Текст книги "КРИПТОАНАРХИЯ, КИБЕРГОСУДАРСТВА И ПИРАТСКИЕ УТОПИИ"
Автор книги: Питер Ладлоу
сообщить о нарушении
Текущая страница: 3 (всего у книги 34 страниц)
Я не хочу создать впечатление, будто все интересные начинания в киберправе вертятся только вокруг способов разрешения конфликтных ситуаций в MUD и МОО. Знакомясь с третьей частью этого сборника, мы видим, что в области юрисдикции возникают реальные проблемы и что в этой связи могут появиться какие-то виртуальные законы, охватывающие определенные зоны онлайнового общения. По наблюдению Дэвида Джонсона (§ 18), мы уже сталкиваемся с любопытным вопросом в рамках киберправа, когда решаем, вправе ли системный оператор запретить кому-то доступ в онлайн. Этот вопрос может возникнуть в случае с SamlAm, который обсуждался выше, или касаться переноса чьего-нибудь веб-сайта с одного места на другое, или запрета кому-то входить в определенный чат. Само собой разумеется, что пользователи могут перебраться в какое-нибудь новое виртуальное сообщество, и сделать это будет не в пример легче, чем поменять место жительства. Но, как отмечает Джонсон, заработав определенную репутацию на конкретном сайте, отнестись спокойно к произвольному решению системного администратора, которому вдруг захотелось удалить твою учетную запись, просто невозможно.
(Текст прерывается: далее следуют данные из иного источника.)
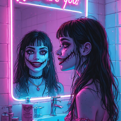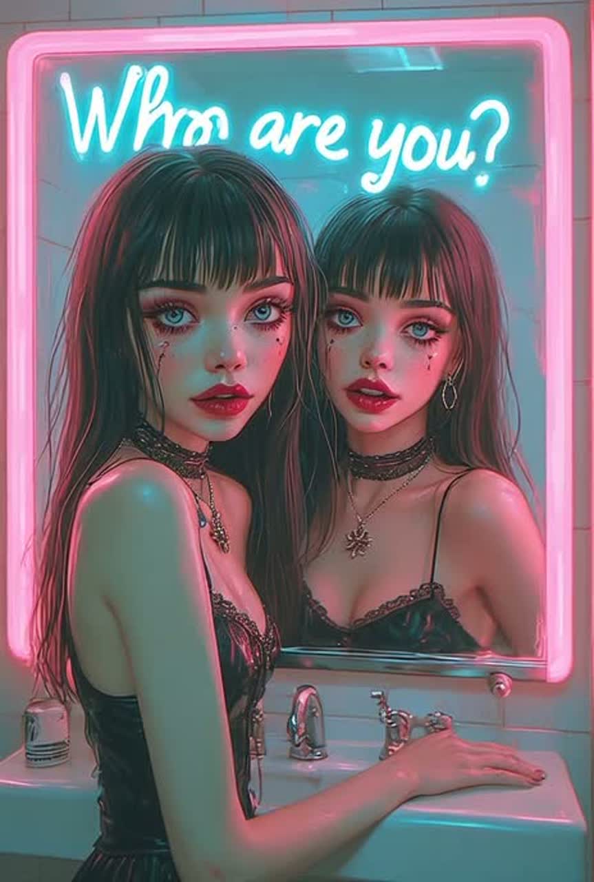 Genre: Dark alternative math rock with electronic horror elements, blending haunting indie pop introspection, experimental art rock surrealism, and industrial electronic intensity, Uses binaural and stereoscopic effects to build unease, Music Cue: Eerie, building tension; start minimal acoustic guitar whispers, escalate to synth waves, heavy bass drops in chorus, distorted guitars in bridge, Tempo 98-140 BPM, minor + major keys for dissonance, Mood: Psychological paranoia, identity crisis, haunting introspection, escalating dread and duality, Instruments: Female ethereal vocals with whispers/echoes, reversed piano, fiddle, pulsing synths, deep bass, glitchy electronics, reverb-heavy drums, mirror-like and crystalline sound effects (reflections, shatters, square-wave distortions), Add choral backups in build-up
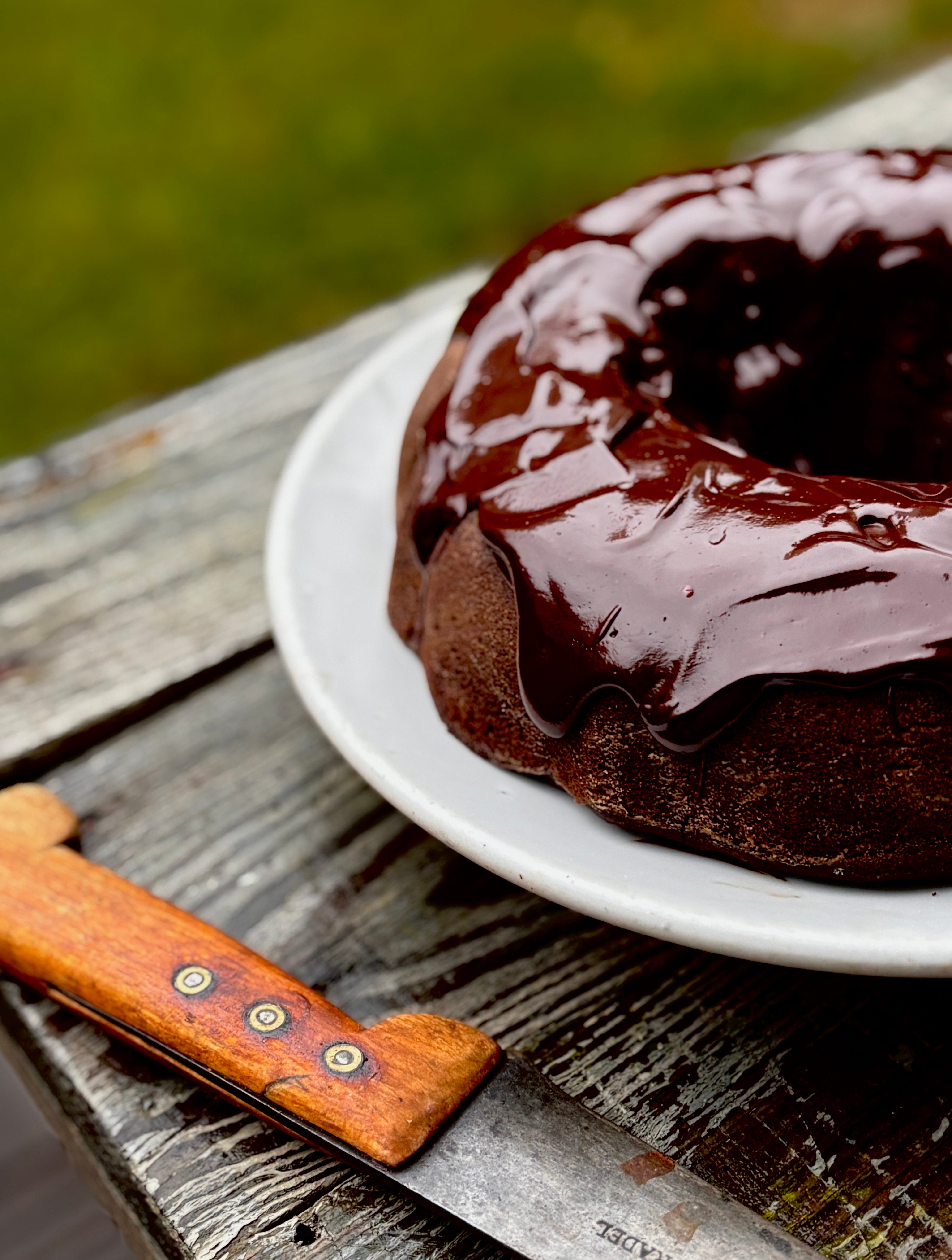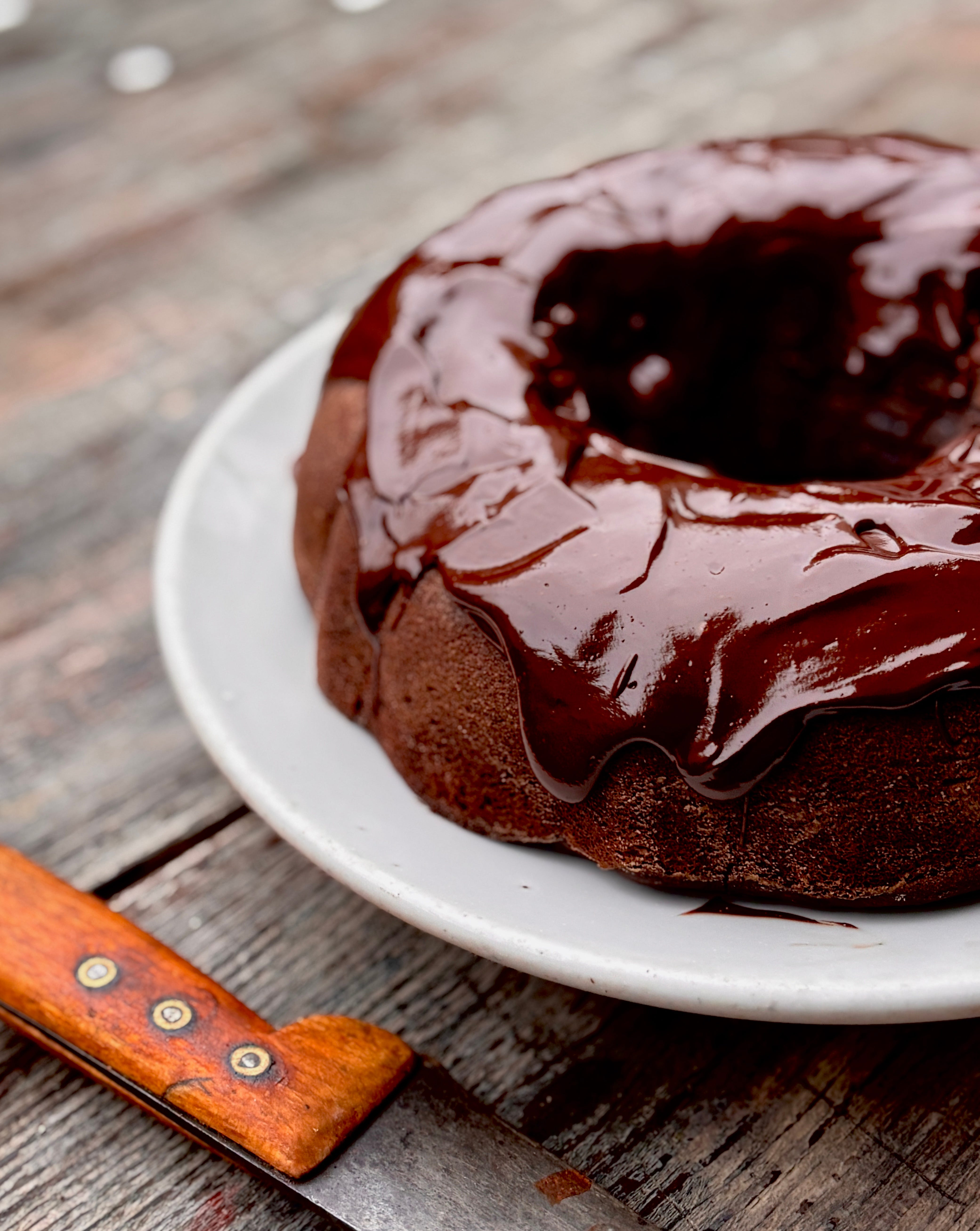 Dorie recommends topping the cake, after it’s glazed, with rosettes of whipped cream and either maraschino or amarena cherries, or chocolate sprinkles or shaved chocolate. I kept it squarely in the chocolate direction but if I wasn’t bringing the cake to a party, I’d serve it with ice cream.

В итоге виртуальное право появится скорее в ответ на конфликты между системными администраторами и пользователями, чем между правительствами РМ и гражданами, и отсюда вытекает иная природа будущих законов. Джонсон приводит список, куда вошли примеры новых правовых стратегий, которые появятся с течением времени, включая онлайновые формы регулирования конфликтов. Попытки ввести онлайновые способы разрешения спорных ситуаций (помимо тех, что наблюдались в виртуальных сообществах наподобие LambdaMOO) уже предпринимаются, и среди них – учреждение онлайнового Виртуального Магистрата (§ 19 и 20).
Конечно, эти попытки еще слабы, но было бы ошибкой считать, что они не выльются в развитые правовые системы, которым будет суждено оказать существенное влияние на будущие теории права во всем мире. Важно не забывать о том, что наши сегодняшние правовые системы начинались очень скромно и даже в каком-то смысле необычно (что касается англоговорящего мира, здесь можно указать на обычное право, действовавшее на территории англосаксонских королевств, или феодальные законы, вступившие в силу после норманнского завоевания). Чтобы не позволить себе слишком вольных заявлений, скажем, что, возможно, нам следует учесть вероятность того, что мы наблюдаем зарождение правовых систем и практик нового тысячелетия.
Но даже если итог этих процессов будет не настолько грандиозен, все равно очевидно, что нам есть чему поучиться с помощью этих экспериментов – это точно подметила Мнукин:
Судья Льюис Брэндис сформулировал пожелание, которое впоследствии часто цитировали: «Самое удачное, что могло бы случиться с федеральной системой, заключалось бы в том, чтобы отдельный, набравшийся мужества для подобного шага штат мог, с согласия своих жителей, послужить в качестве лаборатории и провести нестандартные социальные и экономические эксперименты, без риска для всей оставшейся части страны». Спустя семьдесят лет именно виртуальные пространства могут наилучшим способом послужить в качестве лаборатории для проведения экспериментов, то есть в качестве мест, в которых участники эксперимента могут проверять социальные, политические и правовые механизмы.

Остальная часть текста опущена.